Comment 7 Bug Zapper 2009-06-09 13:13:52 UTC
This bug appears to have been reported against 'rawhide' during the Fedora 11 development cycle.
Changing version to '11'.

More information and reason for this action is here:
http://fedoraproject.org/wiki/BugZappers/HouseKeeping

Comment 9 Bug Zapper 2010-04-27 13:29:34 UTC
This message is a reminder that Fedora 11 is nearing its end of life.
Approximately 30 (thirty) days from now Fedora will stop maintaining
and issuing updates for Fedora 11.  It is Fedora's policy to close all
bug reports from releases that are no longer maintained.  At that time
this bug will be closed as WONTFIX if it remains open with a Fedora 
'version' of '11'.

Package Maintainer: If you wish for this bug to remain open because you
plan to fix it in a currently maintained version, simply change the 'version' 
to a later Fedora version prior to Fedora 11's end of life.

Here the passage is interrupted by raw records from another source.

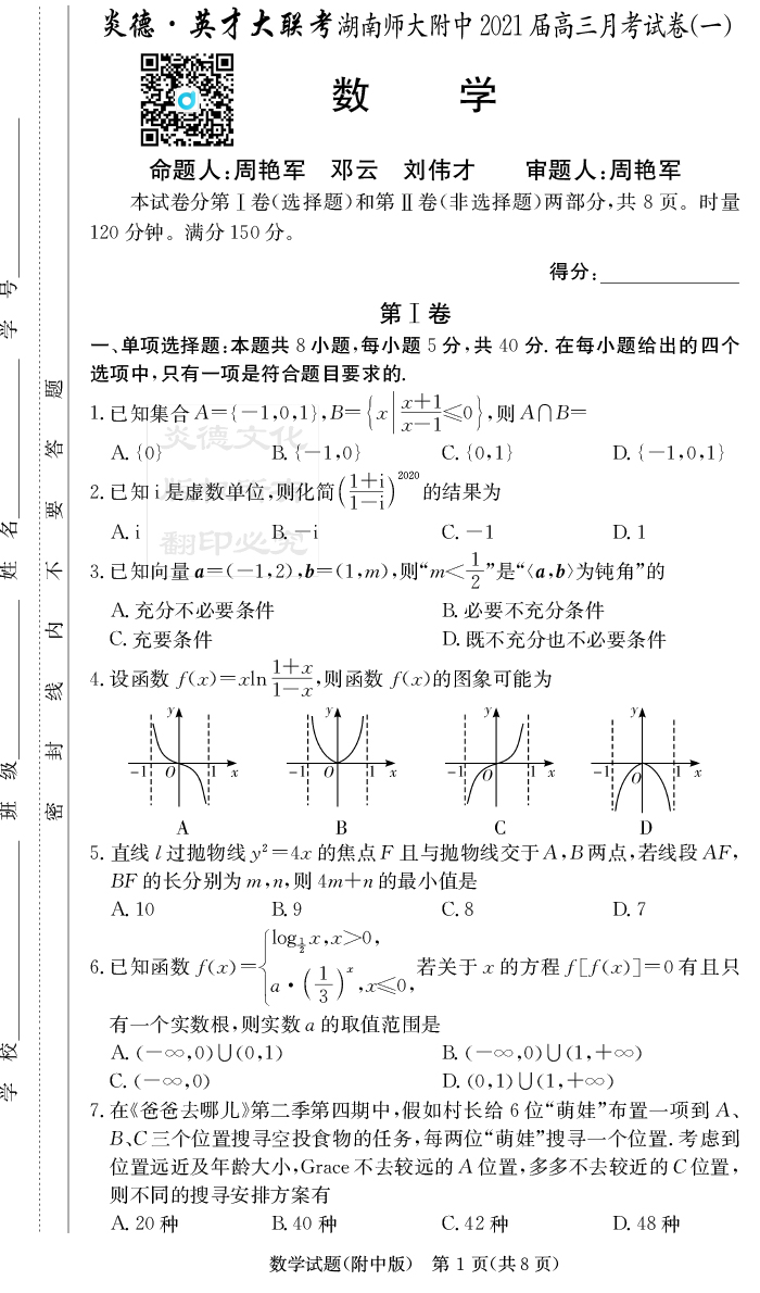 【數(shù)學(xué)】炎德英才大聯(lián)考2021屆湖南師大附中高三1次月考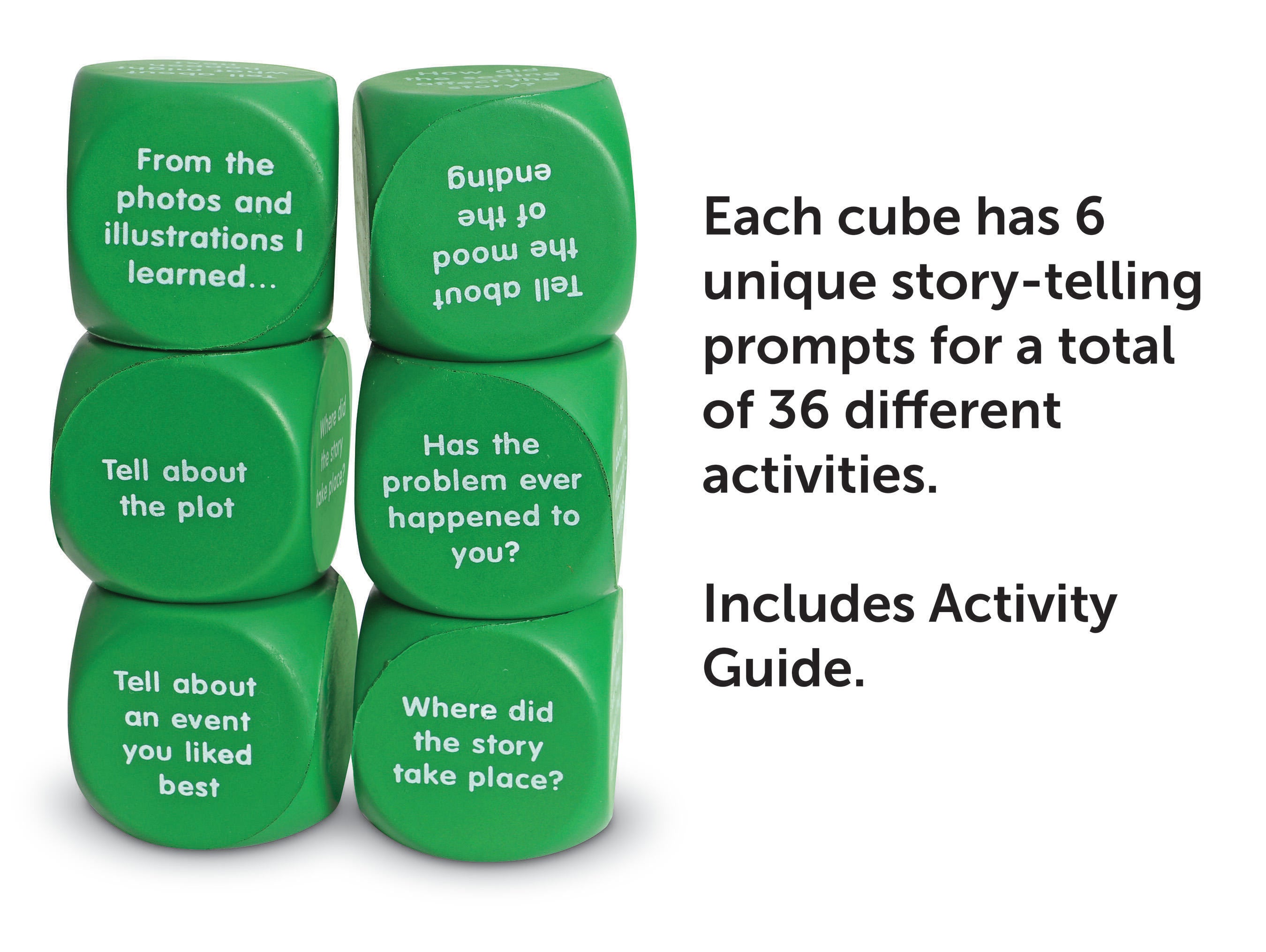 Learning Resources Retell a Story Cubes boost reading and listening comprehension while fostering creativity. The cubes feature 36 activities, with unique story retelling suggestions on each side. Use the color-coded cubes alone or in conjunction with the Reading Comprehension Cubes. Activity guide included. Cubes measure 1-5/8 L x 1-5/8 W inches. Recommended for ages 6 and up.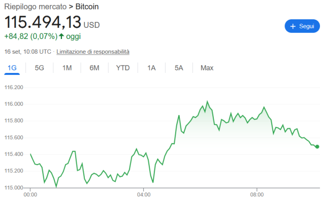 Bitcoin è stato scambiato intorno a 115.500 dollari, in rialzo del 3,4% nell’ultima settimana. Ethereum si è attestato vicino a 4.528 dollari, guadagnando il 5% nello stesso periodo. Entrambi sono stati sostenuti dall’ottimismo per una maggiore liquidità a basso costo, che potrebbe stimolare la domanda di asset più rischiosi.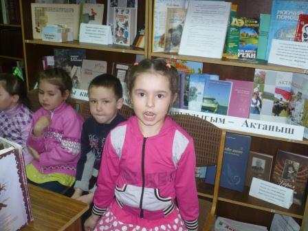 26 апрель - бөек татар шагыйре Г. Тукайның туган көне. Шагыйрьнең балачагы белән кыскача таныштырганнан соң, кунакларыбыз үз һөнәрләрен күрсәттеләр. Тукайның шигырьләрен сөйләп, җырларын җырладылар. Очрашу истәлеге итеп балалар төркеменә китаплар бүләк иттек.
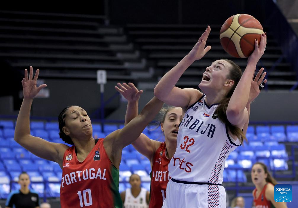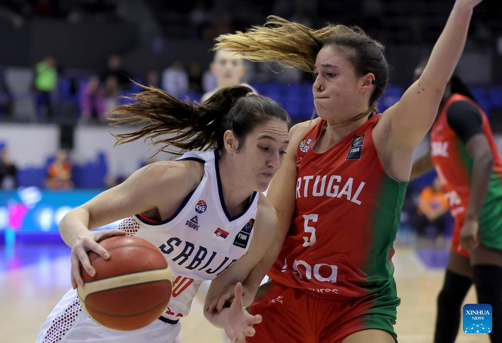 Serbia's Aleksandra Katanic (L) vies with Portugal's Carolina Rodrigues during the women's FIBA Eurobasket qualifier basketball match between Serbia and Portugal in Belgrade, Serbia on Nov. 7, 2024. (Photo by Predrag Milosavljevic/Xinhua)
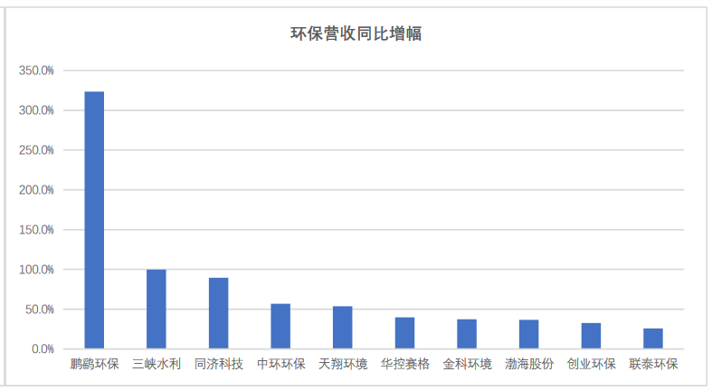 2020年上半年大氣污染防治A股環(huán)保上市公司環(huán)保營收同比增幅TOP10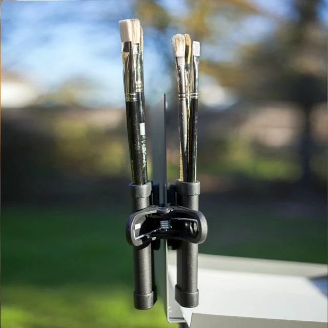 The Easel Brush Clip measures 6″ high and can be clipped onto anything up to 2-1/4″ thick. Each clip is made of durable black plastic that’s lightweight and easy to pack in your painting kit. You’ll find you want several clips for your studio easel, your outdoor easel, and your home or office.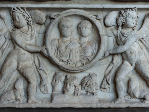 35843 Sarkophag mit Porträtbüsten eines Ehepaares

Bug Reporter: Thank you for reporting this issue and we are sorry that 
we may not be able to fix it before Fedora 11 is end of life.  If you 
would still like to see this bug fixed and are able to reproduce it 
against a later version of Fedora please change the 'version' of this 
bug to the applicable version.  If you are unable to change the version, 
please add a comment here and someone will do it for you.

Although we aim to fix as many bugs as possible during every release's 
lifetime, sometimes those efforts are overtaken by events.  Often a 
more recent Fedora release includes newer upstream software that fixes 
bugs or makes them obsolete.

The process we are following is described here: 
http://fedoraproject.org/wiki/BugZappers/HouseKeeping

Comment 10 Bug Zapper 2010-06-28 11:41:08 UTC
Fedora 11 changed to end-of-life (EOL) status on 2010-06-25. Fedora 11 is 
no longer maintained, which means that it will not receive any further 
security or bug fix updates. As a result we are closing this bug.

If you can reproduce this bug against a currently maintained version of 
Fedora please feel free to reopen this bug against that version.

Thank you for reporting this bug and we are sorry it could not be fixed.